FX2AIT is a Python-based tool that converts PyTorch models into AITemplate (AIT) engine for lightning-fast inference serving. AITLowerer built on top of FX2AIT is able to perform AIT conversion on PyTorch model with AIT unsupported operators. Model can enjoy partial AIT acceleration using AITLowerer.
FX2AIT highlights include:
- Automatic Conversion: FX2AIT only need PyTorch model and input as input for conversion. The output can be used for inference serving directly.

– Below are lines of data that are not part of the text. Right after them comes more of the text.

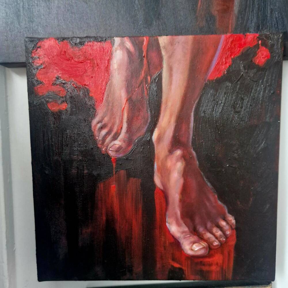 This work features multiple panels forming a fragmented yet cohesive human figure—dark, demonic, and consumed by red fire. Flames and flesh merge, symbolizing rage or transformation.The red spots vaguely resemble the outlines of the Earth’s continents, since the threat is one and common to all. The asymmetric composition emphasizes instability and fragmentation, pointing to a splintered identity. Through a mix of realism and abstraction, the piece explores the boundaries of the self in a burning, aggressive space.
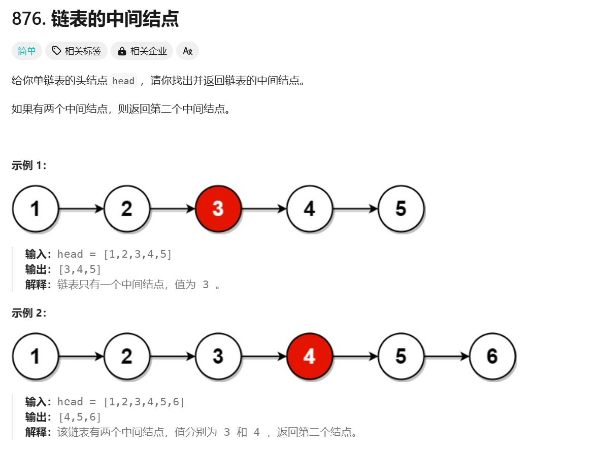 思路:首先我们可以计算处链表的长度,其次只要将链表的长度/2 之后再遍历我们就可以得到第二个中间节点的值了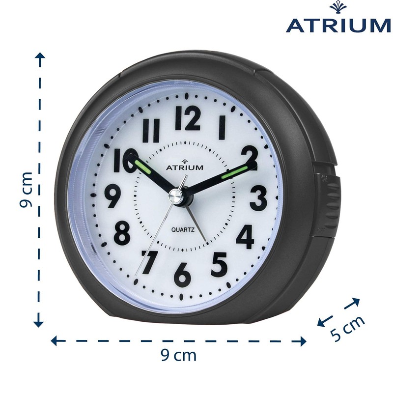 Der klassische Quarzwecker A240-7 von ATRIUM in elegantem Schwarz fügt sich angenehm und dezent in jede Wohnumgebung ein. Durch sein modernes aber dennoch zeitloses Design findet er sowohl im minimalistischen Schlafzimmer als auch im coolen Jugendzimmer seinen Platz.

- Expanded Support: AITemplate doesn't cover all operators PyTorch provides. FX2AIT provided AITLowerer as solution to support partial AIT conversion for models with AIT unsupported operators. For more information, please check example/03_lowering_split.
Hardware requirement:
- NVIDIA: FX2AIT is based on AIT, thus the hardware requirement is same as AIT. AIT is only tested on SM80+ GPUs (Ampere etc). Not all kernels work with old SM75/SM70 (T4/V100) GPUs.
The following command will create a Python wheel for AITemplate. Please ensure you have correct CUDA compiler installed.
- CUDA: CUDA 11.6
- cuDNN: v8.7.0 for CUDA 11.x download source: https://developer.nvidia.com/rdp/cudnn-download installation guidance: https://docs.nvidia.com/deeplearning/cudnn/install-guide/index.html
Incorrect compiler will lead performance regression.
cd fx2ait
python setup.py install
We highly recommend using AITemplate with Docker to avoid accidentally using a wrong version of NVCC or HIPCC.
- CUDA:
./docker/build.sh cuda
This will build a docker image with tag ait:latest
.
AITemplate provides the following getting started tutorials:
- 01: How to inference a PyTorch Transformer model with FX2AIT
- 02: How to inference a PyTorch vision model with FX2AIT
- 03: How to inference a general PyTorch model with AIT unsupported operator using AIT Lowerer
Example command:
cd fx2ait
python example/03_lowering_split/test_lower.py
python test/test_ait_lower.py